::: SUPPLIED ENTRIES

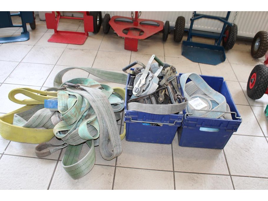 Span- en hijsbanden in en om 2 kratten.
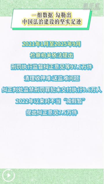 一組數(shù)據(jù),勾勒出中國法治建設(shè)的堅(jiān)實(shí)足跡:2021年1月至2025年9月,檢察機(jī)關(guān)依法提出刑罰執(zhí)行監(jiān)督糾正意見等97.1萬件;清理收押難、送監(jiān)難問題,糾正判處監(jiān)禁刑罰罪犯未交付執(zhí)行9.6萬人;2022年以來對(duì)不當(dāng)“減假暫”提出糾正意見7.5萬件……
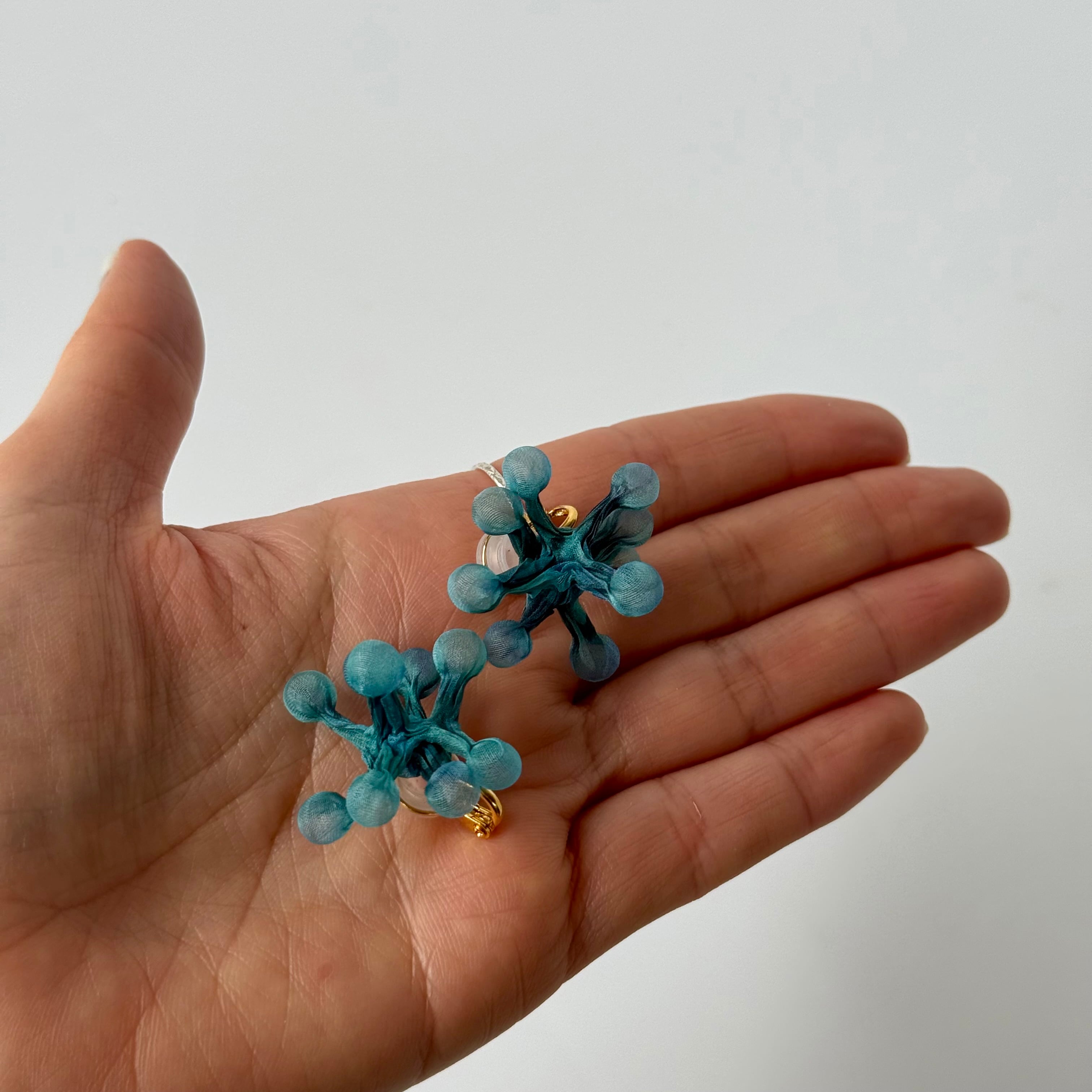 生命の持つ華やかさとその裏に潜む毒感を絞り染めと型染めによって立体造形物で表現しています。アクセサリーブランド「Quguri」展開中。
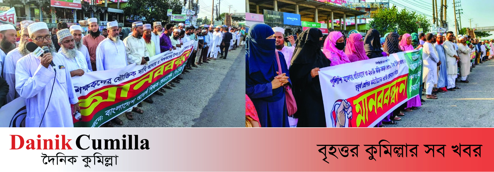বেসরকারি শিক্ষা প্রতিষ্ঠানের এমপিওভুক্ত শিক্ষক-কর্মচারীদের যৌক্তিক দাবি আদায় ও জাতীয় প্রেসক্লাবের সামনে শান্তিপূর্ণ কর্মসূচি পালনকালে শিক্ষকদের উপর পুলিশি হামলার প্রতিবাদে কুমিল্লার চৌদ্দগ্রামে শিক্ষকদের মানববন্ধন অনুষ্ঠিত হয়েছে।
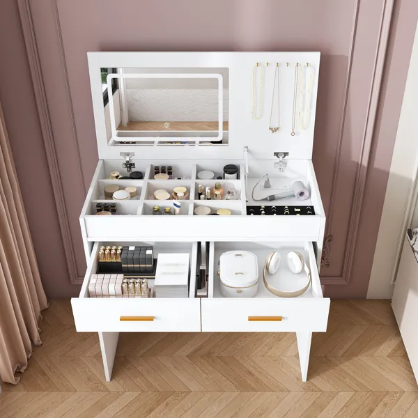 Flip Top Vanity Desk With LED Lighted Mirror & Built-in Outlet - Makeup Vanity Table With 2 Drawers, Open Storage, Hooks For Jewelry (No Stool Included, White)
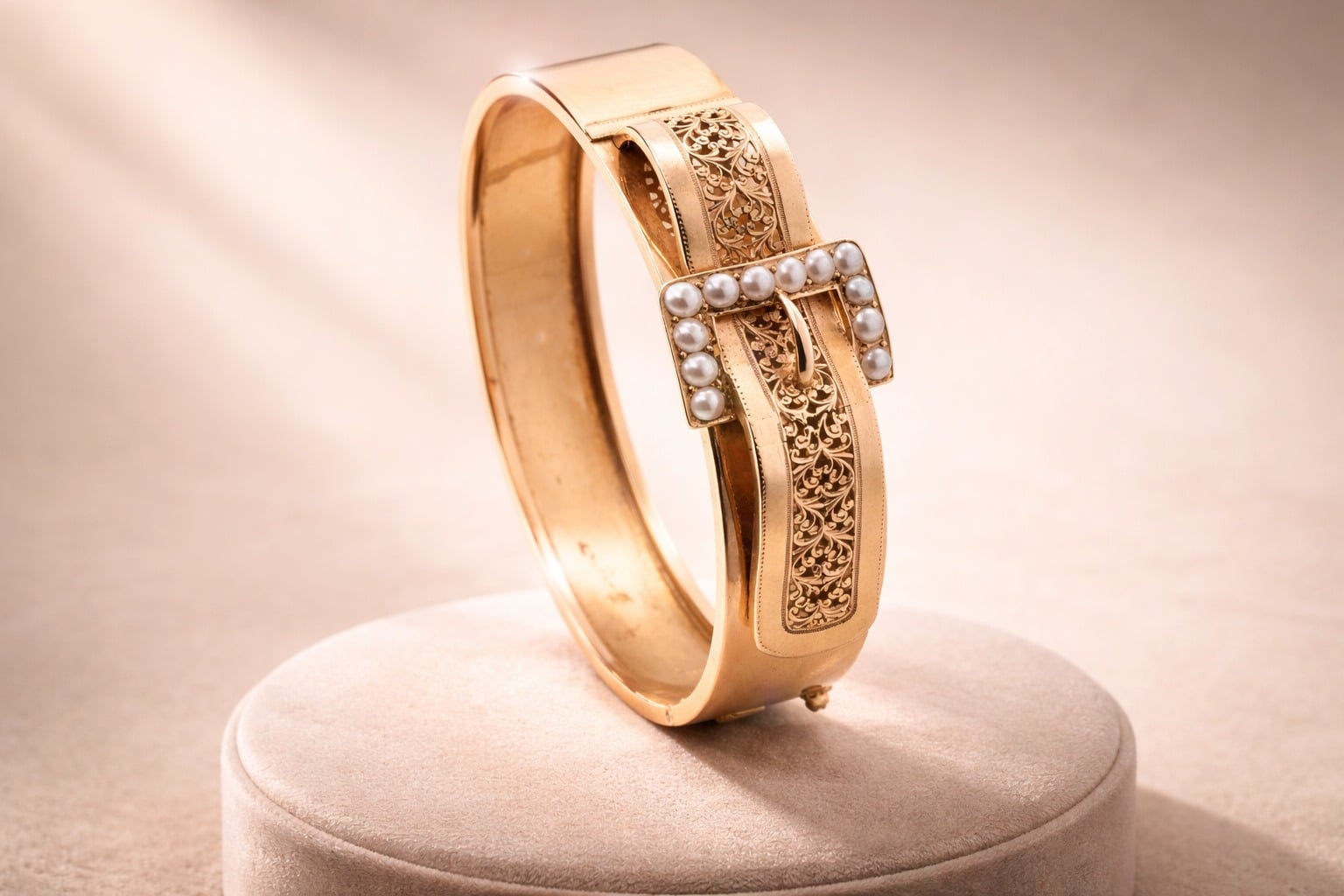 Um 1870 – 18K Goldarmreif mit Handgravur & Naturperlen

::::::

TASK REQUIREMENTS: Within the listing above, the stretch from the line with "一組數(shù)據(jù),勾勒出中國法" down to the line with "বেসরকারি শিক্ষা প্রতিষ্ঠানের" is to be given again exactly, end lines included and pictures excluded.

ANSWER FOR THE TASK:
 一組數(shù)據(jù),勾勒出中國法治建設(shè)的堅(jiān)實(shí)足跡:2021年1月至2025年9月,檢察機(jī)關(guān)依法提出刑罰執(zhí)行監(jiān)督糾正意見等97.1萬件;清理收押難、送監(jiān)難問題,糾正判處監(jiān)禁刑罰罪犯未交付執(zhí)行9.6萬人;2022年以來對(duì)不當(dāng)“減假暫”提出糾正意見7.5萬件……
 生命の持つ華やかさとその裏に潜む毒感を絞り染めと型染めによって立体造形物で表現しています。アクセサリーブランド「Quguri」展開中。
বেসরকারি শিক্ষা প্রতিষ্ঠানের এমপিওভুক্ত শিক্ষক-কর্মচারীদের যৌক্তিক দাবি আদায় ও জাতীয় প্রেসক্লাবের সামনে শান্তিপূর্ণ কর্মসূচি পালনকালে শিক্ষকদের উপর পুলিশি হামলার প্রতিবাদে কুমিল্লার চৌদ্দগ্রামে শিক্ষকদের মানববন্ধন অনুষ্ঠিত হয়েছে।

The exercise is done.